++++ RECORDS FOR THE EXERCISE

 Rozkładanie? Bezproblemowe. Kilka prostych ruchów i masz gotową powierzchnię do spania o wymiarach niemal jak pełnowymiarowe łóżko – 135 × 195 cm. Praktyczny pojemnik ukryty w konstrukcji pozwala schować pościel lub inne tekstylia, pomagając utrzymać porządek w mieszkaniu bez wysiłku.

++++++++
++++ RECORDS FOR THE EXERCISE

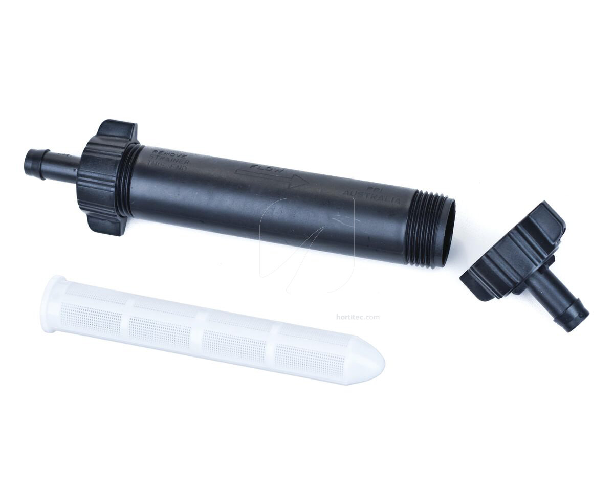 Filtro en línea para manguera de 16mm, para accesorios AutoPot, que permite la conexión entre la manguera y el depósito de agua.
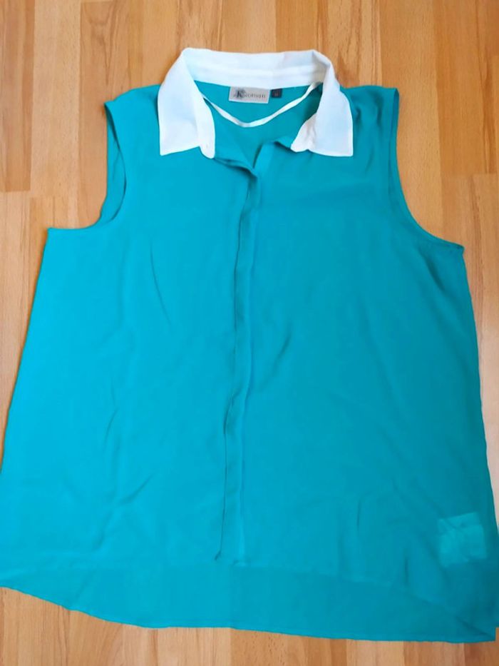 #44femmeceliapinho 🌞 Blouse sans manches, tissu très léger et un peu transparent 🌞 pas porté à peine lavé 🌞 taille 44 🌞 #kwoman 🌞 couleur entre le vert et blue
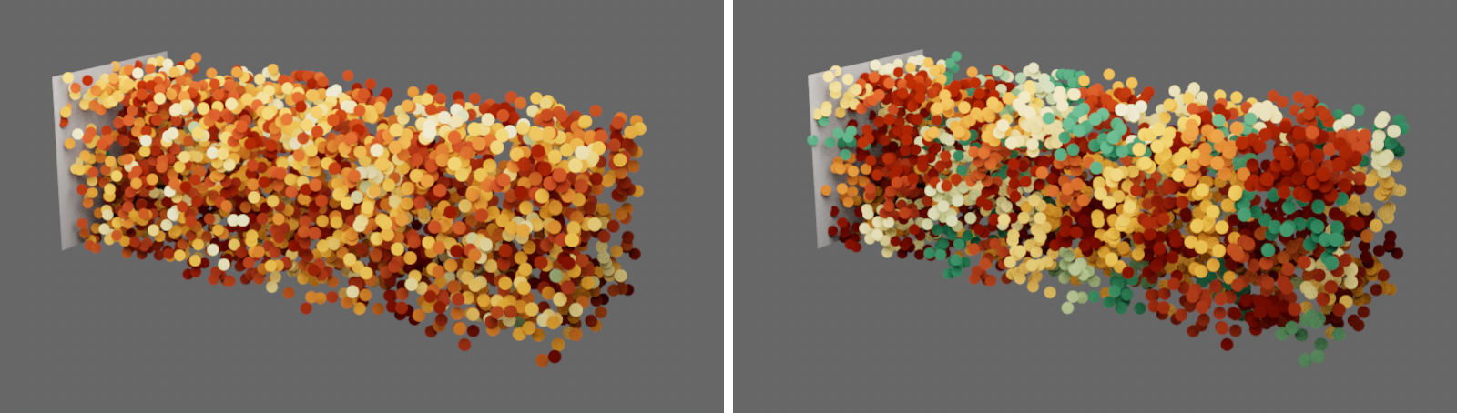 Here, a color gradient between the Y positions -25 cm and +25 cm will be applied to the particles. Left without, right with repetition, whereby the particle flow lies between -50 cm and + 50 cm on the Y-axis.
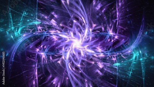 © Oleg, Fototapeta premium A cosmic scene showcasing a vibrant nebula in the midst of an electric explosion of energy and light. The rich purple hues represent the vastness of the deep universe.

++++++++

WORK ORDER:
From the line with "#44femmeceliapinho 🌞 Blouse" up to and including the line with "the deep universe." above, retype every line exactly and nothing more; leave out the pictures.

FINISHED EXERCISE:
 #44femmeceliapinho 🌞 Blouse sans manches, tissu très léger et un peu transparent 🌞 pas porté à peine lavé 🌞 taille 44 🌞 #kwoman 🌞 couleur entre le vert et blue
 Here, a color gradient between the Y positions -25 cm and +25 cm will be applied to the particles. Left without, right with repetition, whereby the particle flow lies between -50 cm and + 50 cm on the Y-axis.
 © Oleg, Fototapeta premium A cosmic scene showcasing a vibrant nebula in the midst of an electric explosion of energy and light. The rich purple hues represent the vastness of the deep universe.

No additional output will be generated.